Aus der Amazon.de-Redaktion

Als Regisseur hat Joseph Vilsmaier eine Vorliebe für Stoffe, die in der Zeit des Nationalsozialismus angesiedelt sind. Nach Stalingrad, den Comedian Harmonists und dem Biopic Marlene wendet sich Vilsmaier mit der dramatischen Liebesgeschichte Leo und Claire erneut dieser Epoche zu. Nach Motiven der Dokumentation Der Jude und das Mädchen von Christiane Kohl schildern Vilsmaier und sein Produzent und Drehbuchautor Reinhard Klooss die authentische Geschichte des jüdischen Kaufmanns Leo Katzenberger, der wegen einer angeblichen Affäre mit der jungen Fotografin Irene Scheffler hingerichtet wird.

Leo Katzenberger betreibt im Nürnberg der 30er-Jahre ein florierendes Schuhgeschäft. Der Lebemann und patriotische Deutsche hat eine Vorliebe für schöne Frauen, ist aber dennoch glücklich mit seiner Frau Claire verheiratet. Als die junge, exzentrische Fotografin Irene Scheffler in eine seiner Mietswohnungen im Hinterhaus zieht und dort ihr Atelier eröffnet, beginnt eine Freundschaft, die den beiden den Neid und die Missgunst der anderen Hausbewohner einbringt. Die Nachbarn bezichtigen die beiden im Bund mit der NS-Hetzpresse der Rassenschande. Leo will die Gefahr nicht wahrhaben, doch schließlich kommt es zum Prozess.

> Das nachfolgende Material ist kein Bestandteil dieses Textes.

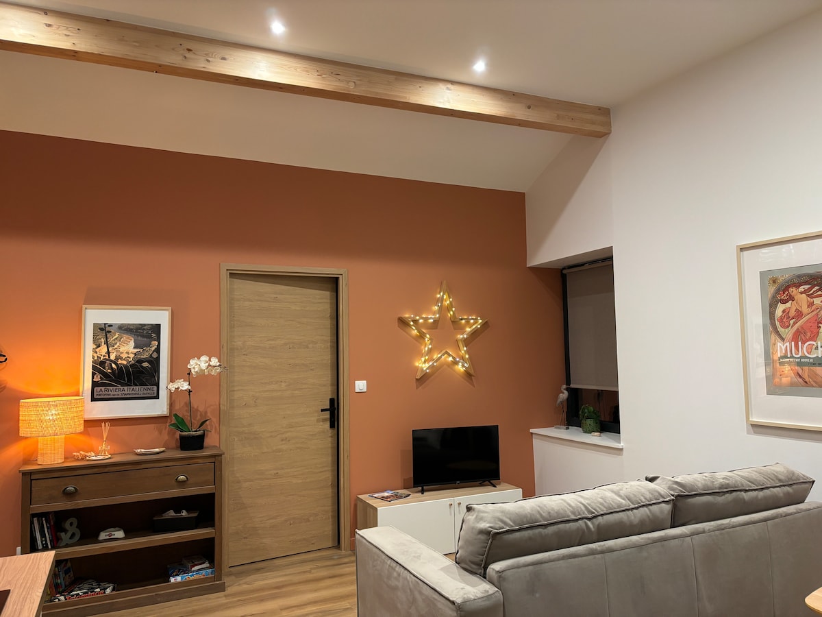 Un logement de 35 m2 élégant en centre-ville d'Yssingeaux, proche des restaurants, du théâtre, du cinéma, des commerces. A 10 mn à pied de l'école Ducasse. Wifi. Linge de lit et de toilettes fournis. Petit frigidaire, four, micro ondes, plaques induction, cafetière, théière, grille pain, vaisselle, machine à laver, penderie, commode, télévision, fer à repasser, aspirateur, jeux... Equipements neufs. Dans immeuble de caractère. Parking gratuit à proximité.

Schauspieler in Kostümen laufen durch Kulissen -- diese für Vilsmaiers Filme typische Beschreibung trifft leider auch auf Leo und Claire zu. Vielleicht hätte der Film in Schwarz-Weiß inszeniert mehr an historischer Tiefe gewonnen. Dem exzellenten Schauspielensemble ist es zu verdanken, dass die Charaktere dennoch mit Leben gefüllt werden und die Geschichte um Liebe und Denunziation glaubwürdig ist. Insbesondere Michael Degen, der als Jude den Nationalsozialismus mit seiner Mutter versteckt in Berlin überlebte (Nicht alle waren Mörder), verleiht Katzenberger die nötige Tiefe, gepaart mit einer kraftstrotzenden Lebenslust, die ihm zum Verhängnis wird. Franziska Petri (Vergiss Amerika) betört als lolitahafte Femme fatale, Jochen Nickel, Andrea Sawatzki und Axel Milberg bringen die Atmosphäre des spießigen Kleinbürgermilieus zum Greifen nah. In eindrucksvollen Nebenrollen überzeugen Dietmar Schönherr als jüdischer Anwalt und Kai Wiesinger als Gestapo-Mann. Einzig Suzanne von Borsody bleibt in der Titelrolle etwas schwach, da die Inszenierung ihrer Figur gar zu wenig Raum lässt.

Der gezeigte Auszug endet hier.